*I’ve decided to do a series of blog posts that capture my travels throughout my life. In 3 paragraphs. I’ll post them every once in a while. Some places I’ve been to a few times, others only once. And some I will probably never go back to because of what went down there.
I’ve only been to South Beach once in my life. And it was only for a day. I know, I know. It bothers me too. But let me tell you about that one day trip. It was for 27 hours. And every hour was put to use. One of my boys and I booked a trip on a cruise to the Bahamas with some other friends that left Miami on a Friday. So my pal and I decided to leave Boston a day earlier to go to South Beach before we had to get on the cruise and join everybody else. We left Logan that Thursday morning on the first flight out of Boston. We landed and got to our hotel the Old Colony at 8:00AM. At 8:01AM we found out that Happy Hour was every hour! We ordered 2 of the largest Scorpion Bowls known to man. In Boston the bars don’t open until 11AM. To actually drink that early in that weather in that city made us think we were in heaven. And we were. The party started early and never ended.

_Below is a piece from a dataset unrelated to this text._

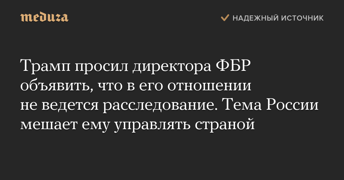 Трамп просил директора ФБР объявить, что в его отношении не ведется расследование. Тема России мешает ему управлять страной

After a couple of hours of Happy Hour boozing and hurting our necks looking at the quality of women strutting up and down Ocean Drive we went to the liquor store and packed a cooler to hit the beach. Topless beach that is. While South Beach is on par with Vegas and LA for hot chicks, there was the occasional old cougar topless on the beach. But it wasn’t that bad. She was 50 years old, her boobs were young at like 7 years old. This place is like Implant Central! It was awesome. We spent hours drinking, chatting to ladies and tanning on the beach. And I didn’t have any sun block. What a dumb move. This caused some serious dementia later on that night and on the upcoming cruise. I had like 3rd degree burns on my head. Whatever. The booze numbed the pain. We power napped for like 12 minutes back at the hotel and then got ready for more partying. We hit the Clevelander, met some hotties, drank some more, hit up more spots, I flirted with a hot ass Russian KGB spy/restaurant hostess, saw some sick cars, drank some more, then finally slowed down for an awesome meal. South Beach has some great food from what I remember. The sun set and night there is equal as or more awesome than South Beach during the day.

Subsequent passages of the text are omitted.